- Task:
Could you set down exactly the lines in the records below between the line holding "寬敞的公寓,配有私人陽台和私人浴室。 公寓還設有小廚房,配有電熱水壺、微波爐和雙電磁爐。 餐具或陶器是廚房的一部分。" and the line holding "قال القرافي في", inclusive?

◆ ◆ ◆ ◆

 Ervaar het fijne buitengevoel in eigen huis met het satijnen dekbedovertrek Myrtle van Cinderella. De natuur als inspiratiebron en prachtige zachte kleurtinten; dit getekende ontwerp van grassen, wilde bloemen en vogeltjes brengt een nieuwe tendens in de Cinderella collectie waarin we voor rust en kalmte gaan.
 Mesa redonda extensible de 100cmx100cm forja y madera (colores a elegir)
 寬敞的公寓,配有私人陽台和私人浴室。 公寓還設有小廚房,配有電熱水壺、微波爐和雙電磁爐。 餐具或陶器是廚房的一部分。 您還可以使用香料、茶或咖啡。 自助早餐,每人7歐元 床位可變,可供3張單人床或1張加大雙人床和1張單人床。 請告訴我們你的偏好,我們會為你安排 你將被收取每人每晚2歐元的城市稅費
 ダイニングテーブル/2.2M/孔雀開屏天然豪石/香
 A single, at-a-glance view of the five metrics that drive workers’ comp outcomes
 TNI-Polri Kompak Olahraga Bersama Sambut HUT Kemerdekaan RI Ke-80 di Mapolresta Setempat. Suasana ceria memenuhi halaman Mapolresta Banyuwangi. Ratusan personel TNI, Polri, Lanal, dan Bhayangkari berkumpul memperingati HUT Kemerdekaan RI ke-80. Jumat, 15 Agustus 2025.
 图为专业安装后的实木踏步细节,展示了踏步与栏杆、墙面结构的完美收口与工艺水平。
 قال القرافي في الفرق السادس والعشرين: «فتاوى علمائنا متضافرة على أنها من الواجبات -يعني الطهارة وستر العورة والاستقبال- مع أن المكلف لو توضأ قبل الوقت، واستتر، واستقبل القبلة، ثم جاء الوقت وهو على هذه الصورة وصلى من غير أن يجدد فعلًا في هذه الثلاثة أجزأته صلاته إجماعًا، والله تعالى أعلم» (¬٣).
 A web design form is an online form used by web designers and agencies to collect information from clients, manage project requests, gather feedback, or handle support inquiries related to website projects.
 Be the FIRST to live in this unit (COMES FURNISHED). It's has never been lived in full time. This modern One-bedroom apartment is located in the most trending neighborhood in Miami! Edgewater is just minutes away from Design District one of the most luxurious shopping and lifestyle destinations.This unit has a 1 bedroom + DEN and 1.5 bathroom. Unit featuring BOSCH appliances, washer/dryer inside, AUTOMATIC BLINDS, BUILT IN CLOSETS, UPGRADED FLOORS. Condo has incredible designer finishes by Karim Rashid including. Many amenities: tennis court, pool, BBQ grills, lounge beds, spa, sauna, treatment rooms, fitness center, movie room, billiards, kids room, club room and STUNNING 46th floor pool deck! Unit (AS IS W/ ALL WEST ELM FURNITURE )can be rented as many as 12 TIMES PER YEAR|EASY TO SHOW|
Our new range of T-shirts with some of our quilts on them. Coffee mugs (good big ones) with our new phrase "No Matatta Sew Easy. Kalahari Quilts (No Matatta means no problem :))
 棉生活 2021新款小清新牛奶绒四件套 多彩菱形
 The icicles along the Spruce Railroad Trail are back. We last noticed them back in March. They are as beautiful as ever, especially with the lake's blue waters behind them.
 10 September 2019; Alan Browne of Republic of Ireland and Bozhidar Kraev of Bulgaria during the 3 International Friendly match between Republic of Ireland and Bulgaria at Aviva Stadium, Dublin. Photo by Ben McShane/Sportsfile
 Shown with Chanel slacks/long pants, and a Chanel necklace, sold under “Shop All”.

◆ ◆ ◆ ◆

- Solution below:
 寬敞的公寓,配有私人陽台和私人浴室。 公寓還設有小廚房,配有電熱水壺、微波爐和雙電磁爐。 餐具或陶器是廚房的一部分。 您還可以使用香料、茶或咖啡。 自助早餐,每人7歐元 床位可變,可供3張單人床或1張加大雙人床和1張單人床。 請告訴我們你的偏好,我們會為你安排 你將被收取每人每晚2歐元的城市稅費
 ダイニングテーブル/2.2M/孔雀開屏天然豪石/香
 A single, at-a-glance view of the five metrics that drive workers’ comp outcomes
 TNI-Polri Kompak Olahraga Bersama Sambut HUT Kemerdekaan RI Ke-80 di Mapolresta Setempat. Suasana ceria memenuhi halaman Mapolresta Banyuwangi. Ratusan personel TNI, Polri, Lanal, dan Bhayangkari berkumpul memperingati HUT Kemerdekaan RI ke-80. Jumat, 15 Agustus 2025.
 图为专业安装后的实木踏步细节,展示了踏步与栏杆、墙面结构的完美收口与工艺水平。
 قال القرافي في الفرق السادس والعشرين: «فتاوى علمائنا متضافرة على أنها من الواجبات -يعني الطهارة وستر العورة والاستقبال- مع أن المكلف لو توضأ قبل الوقت، واستتر، واستقبل القبلة، ثم جاء الوقت وهو على هذه الصورة وصلى من غير أن يجدد فعلًا في هذه الثلاثة أجزأته صلاته إجماعًا، والله تعالى أعلم» (¬٣).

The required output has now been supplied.